Required action
Taking only the lines of the data below from the line with "お通しはこちらのお店では定番の3点盛り。" to the line with "前橋市のパチンコ店から現金800万円と480万円相当の特殊景品を盗んだとして、", ends included, write them out exactly and without pictures.
Data listing section start
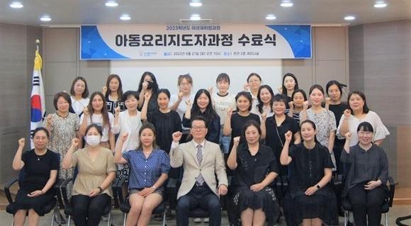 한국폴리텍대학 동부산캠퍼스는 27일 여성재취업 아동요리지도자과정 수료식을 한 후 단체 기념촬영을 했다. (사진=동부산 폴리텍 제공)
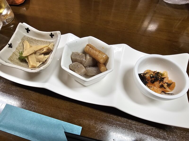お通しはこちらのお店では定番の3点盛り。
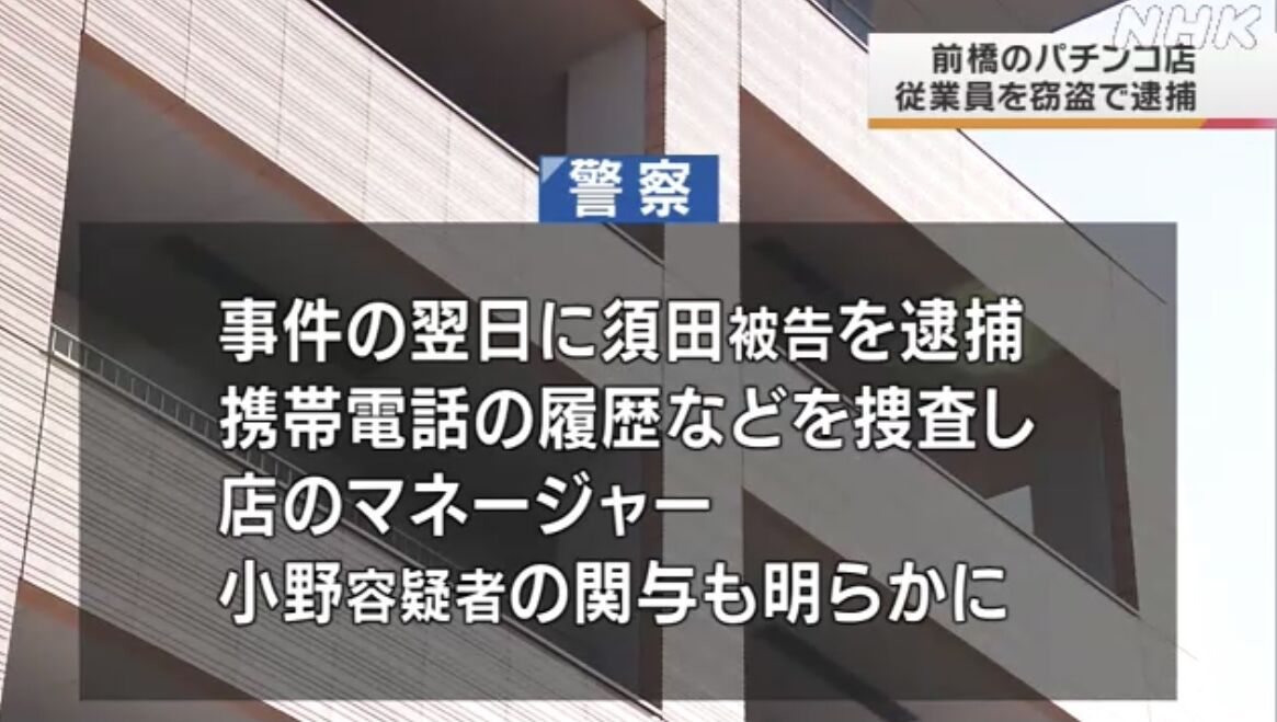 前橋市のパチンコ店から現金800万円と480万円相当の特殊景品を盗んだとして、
Data listing section end
Data listing section start
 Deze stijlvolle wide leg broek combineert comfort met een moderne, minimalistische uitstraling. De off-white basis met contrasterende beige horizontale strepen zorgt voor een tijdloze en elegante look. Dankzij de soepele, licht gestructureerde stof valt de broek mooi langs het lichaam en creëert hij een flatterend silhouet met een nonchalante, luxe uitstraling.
Data listing section end
Solution to this exercise
お通しはこちらのお店では定番の3点盛り。
 前橋市のパチンコ店から現金800万円と480万円相当の特殊景品を盗んだとして、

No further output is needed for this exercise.